We are going to use a flatMap
and make a fortune teller more fair. For each Karma instance it will multiply original adjustment by 10 and generate the opposite adjustments, effectively creating a balanced transaction that compensates for the original one.
@GetMapping("/fairKarma")
public Flux<Karma> fairKarma() {
return delayedKarma()
.flatMap(this::makeFair);
}
private Flux<Karma> makeFair(Karma original) {
return Flux.just(new Karma(original.balanceAdjustment() * 10),
new Karma(original.balanceAdjustment() * -10))
.subscribeOn(Schedulers.boundedElastic())
.log();
}
As you see, makeFair’s
Flux should be subscribed to a boundedElastic
thread pool. Let’s check what we have in logs for the first two Karmas:
Reactor subscribes first element with balanceAdjustment=9
on IO thread
Then boundedElastic
pool works on Karma fairness by emitting 90
and -90
adjustments on boundedElastic-1
thread
Elements after the first one are subscribed on parallel thread pool (because we still have delayedElements
in the chain)
boundedElastic
scheduler?It is a thread pool that dynamically adjusts the number of worker threads based on the workload. It is optimized for I/O-bound tasks, such as database queries and network requests, and is designed to handle a large number of short-lived tasks without creating too many threads or wasting resources.
By default, the boundedElastic
thread pool has a maximum size of the number of available processors multiplied by 10, but you can configure it to use a different maximum size if needed
By using an asynchronous thread pool like boundedElastic
, you can offload tasks to separate threads and free up the main thread to handle other requests. The bounded nature of the thread pool can prevent thread starvation and excessive resource usage, while the elasticity of the pool allows it to adjust the number of worker threads dynamically based on the workload.
There are two more types of pools provide by out-of-the-box Scheduler class, such as:
single
: This is a single-threaded, serialized execution context that is designed for synchronous execution. It is useful when you need to ensure that a task is executed in order and that no two tasks are executed concurrently.
immediate
: This is a trivial, no-op implementation of a scheduler that immediately executes tasks on the calling thread without any thread switching.

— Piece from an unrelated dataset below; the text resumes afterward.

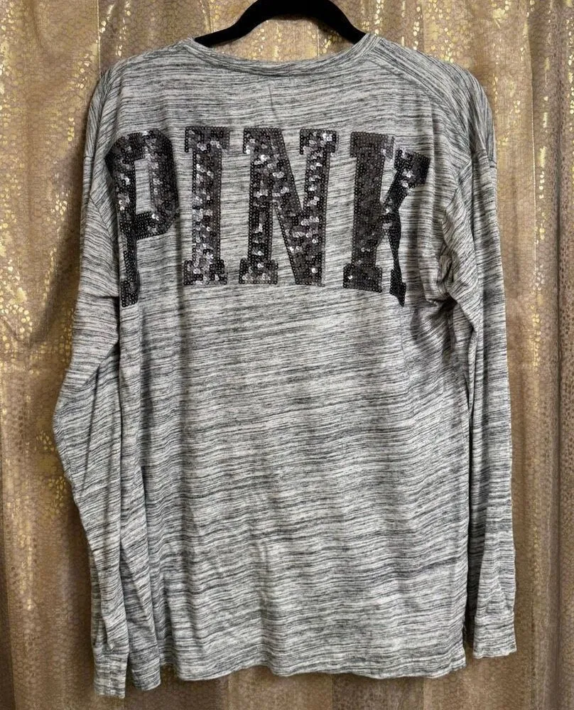 PINK Victorias Secret Gray Bling Sequined Shoulder Logo Campus Top Large Great very gently used co... Show more

Threading model in Spring WebFlux is designed to be non-blocking and asynchronous, allowing for efficient handling of a large number of requests with minimal resource usage. Instead of relying on dedicated threads per connection, WebFlux uses a small number of event loop threads to handle incoming requests and distribute work to worker threads from various thread pools.
However, it's important to choose the right thread pool for your use case to avoid thread starvation and ensure efficient use of system resources.